Sci Rep. 2026 Apr 5. doi: 10.1038/s41598-026-46192-8. Online ahead of print.
ABSTRACT
Neovascular glaucoma (NVG) is a severe, vision-threatening secondary glaucoma associated with ocular ischemia and systemic vascular disease. Whether NVG also serves as a marker of systemic vascular risk remains unclear. In this retrospective, multicenter cohort study, adults with NVG were identified from a global electronic health record network and 1:1 propensity score matched to controls, accounting for demographics, comorbidities, medications, and healthcare utilization. Follow-up was up to 10 years. Primary outcomes were all-cause mortality, myocardial infarction, stroke, cardiac arrest, and three-point major adverse cardiovascular events (3P-MACE).
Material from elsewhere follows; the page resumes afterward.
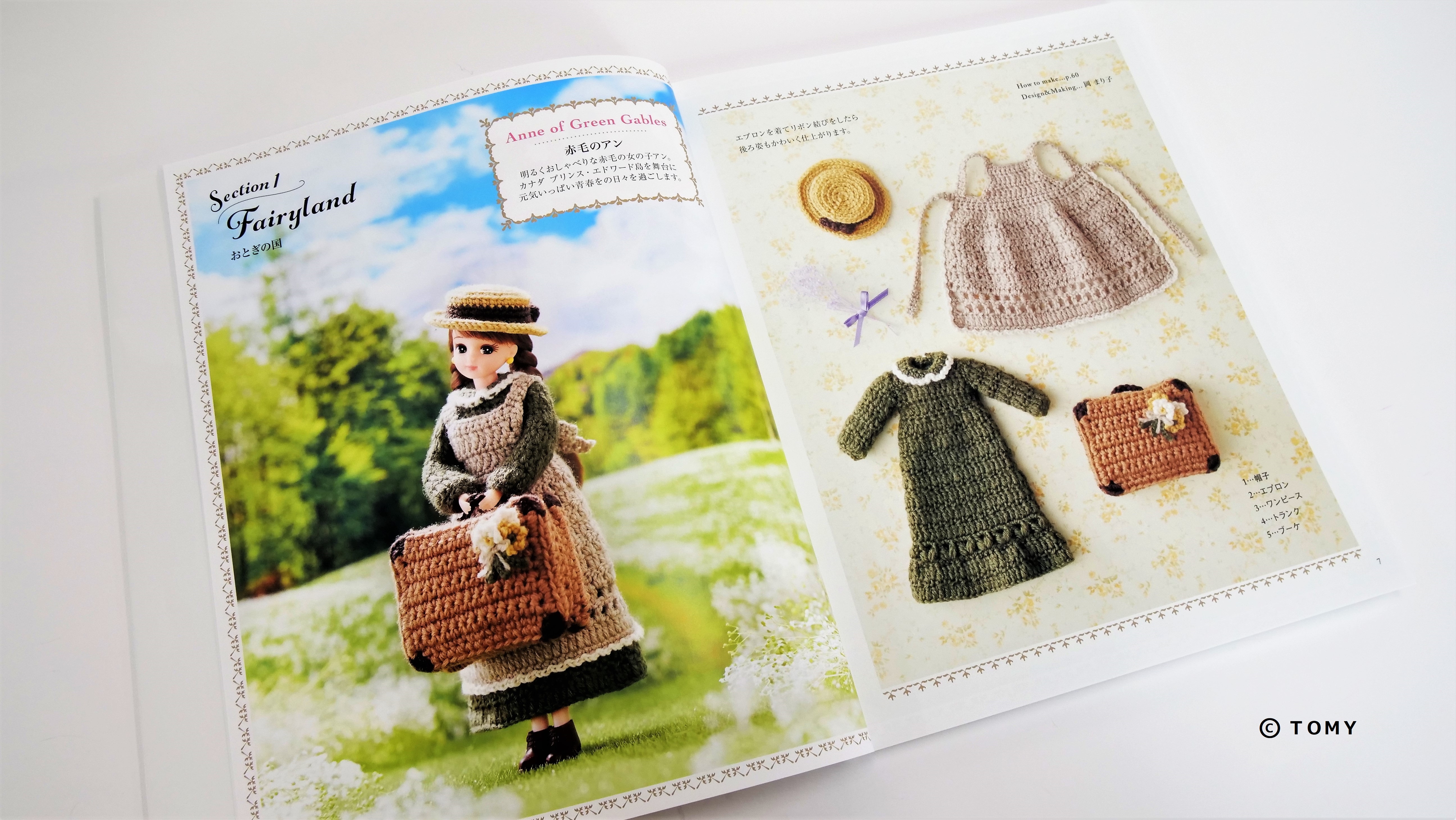 赤毛のアンや赤ずきん、人魚姫などのおとぎ話の主人公シリーズ、ルームウェアや伝統ニットなどのカジュアルな普段着、ウエディングドレスやプリンセスドレスなどのきらびやかなドレス、白無垢や袴などの和装の4つのテーマにわけて、バリエーション豊富に紹介。初心者でも安心して編めるよう、写真での詳しいポイントレッスンつき。また、作品の糸紹介、この本で使用した編み目記号とその編み方の基礎なども詳しく解説されています。着せたいリカちゃんの髪の色に合わせて配色を変えたり、アレンジも楽しめます。

Sensitivity analyses compared NVG with primary open-angle glaucoma (POAG) and examined subgroups with proliferative diabetic retinopathy, retinal vein occlusion, or ocular ischemic syndrome. Among 17,020 matched pairs, NVG was associated with higher risks of all-cause mortality (HR 1.70, 95% CI 1.60-1.81), myocardial infarction (HR 1.53, 95% CI 1.40-1.67), cardiac arrest (HR 1.57, 95% CI 1.36-1.82), stroke (HR 1.62, 95% CI 1.48-1.79), and 3P-MACE (HR 1.59, 95% CI 1.51-1.68). Findings were consistent across sensitivity and ischemic retinal subgroups. NVG is associated with increased long-term mortality and cardiovascular events, suggesting that its occurrence may identify patients with higher systemic vascular risks and supporting the need for proactive cardiovascular assessment.